CN102866557A - Single-grating multi-pass pulse widening device - Google Patents
Single-grating multi-pass pulse widening device Download PDFInfo
- Publication number
- CN102866557A CN102866557A CN2012103571636A CN201210357163A CN102866557A CN 102866557 A CN102866557 A CN 102866557A CN 2012103571636 A CN2012103571636 A CN 2012103571636A CN 201210357163 A CN201210357163 A CN 201210357163A CN 102866557 A CN102866557 A CN 102866557A
- Authority
- CN
- China
- Prior art keywords
- grating
- total reflective
- reflective mirror
- lead
- pulse
- Prior art date
- Legal status (The legal status is an assumption and is not a legal conclusion. Google has not performed a legal analysis and makes no representation as to the accuracy of the status listed.)
- Granted
Links
Images
Abstract
The invention relates to the technical field of laser, in particular to a single-grating multi-pass pulse widening device which comprises an optical isolation unit, a four-pass single-grating widening unit and a pass number control unit. The optical isolation unit is used for leading in and leading out of incident light and emergent light, the four-pass single-grating widening unit is used for widening laser pulses, and the pass number control unit is used for controlling laser pulse widening magnification. The single-grating multi-pass pulse widening device with the structure has the advantages that a pulse widening effect can be multiplied under the condition that the structure of the widening device is unchanged, and optical paths are not required to be adjusted when the pulse widening effect is multiplied; and the widening magnification can be controlled optionally, so that a perfect widening effect can be realized.
Description
Technical field
The present invention relates to laser technology field, refer to specifically a kind of monochromatic light grid lead to the pulse stretcher device more.
Background technology
At present along with the demand to high repetition, high pulse energy ultrashort pulse laser, requirement to its single pulse energy is also more and more higher, in order to obtain more single pulse energy, generally need to amplify again ultrashort pulse pulsewidth elder generation broadening, can improve like this energy extraction efficiency and improve damage threshold.Yet the many employings of existing stretcher is monochromatic light grid four-way broadening mode, and this kind mode will increase the broadening effect and just must change parameter and need to readjust light path.
In addition, be accompanied by the increase of broadening amount, the volume of stretcher also along with rapid increase, is made troubles to use.
Summary of the invention
For the defective that exists in the prior art and problem, the object of the invention provides a kind of stretcher that can overcome defects.

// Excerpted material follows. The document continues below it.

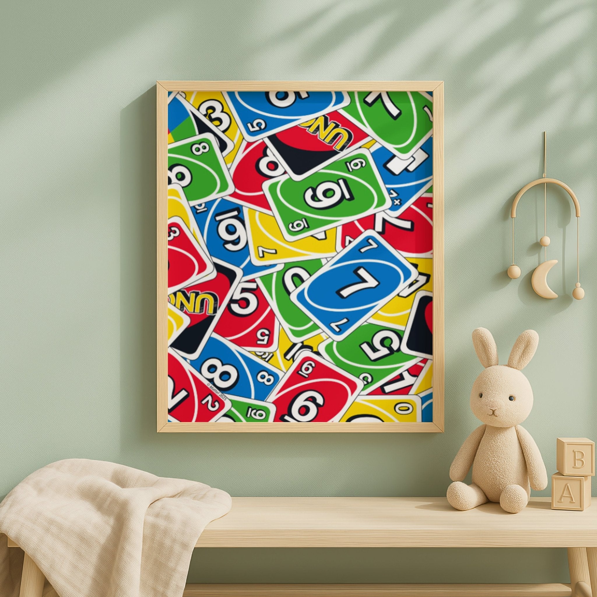 Add a splash of fun and color to your space with the Uno Coloured Stacked Cards Portrait Print. This vibrant artwork playfully layers bright, stacked cards in a portrait style, perfect for brightening up any room with a pop of personality. Ideal for game lovers or anyone who enjoys a quirky twist on classic design, it’s a cheerful conversation starter that brings joy to your walls.

The invention provides a kind of monochromatic light grid and lead to the pulse stretcher device more, it comprises:
Optical isolator element is used for importing and the derivation of incident light and emergent light;
Four-way single optical grating expending unit is used for the broadening to femtosecond and picosecond laser pulse;
Logical numerical control unit processed is used for the control to the laser pulse stretching multiple.
Preferably, described optical isolator element comprises film polaroid A, Faraday polarization apparatus and half-wave plate A, and described film polaroid A, Faraday polarization apparatus and half-wave plate A set gradually along the incident light incident direction.
More preferably, described optical isolator element also comprises film polaroid C, and described film polaroid C is used for the reflection emergent light.
Preferably, described four-way single optical grating expending unit is made of plane total reflective mirror A, grating, plane total reflective mirror B, 45 ° of total reflective mirrors and concave mirror successively, incident light by described logical numerical control unit processed after, after 45 ° of total reflective mirror reflections, be incident to grating, through optical grating diffraction to concave mirror, reflex to plane total reflective mirror A through concave mirror, total reflective mirror A is reflected back concave mirror through the plane, reflex to for the second time grating through concave mirror, to plane total reflective mirror B, through plane total reflective mirror B reflection, be reflected back logical numerical control unit processed along original optical path through optical grating diffraction.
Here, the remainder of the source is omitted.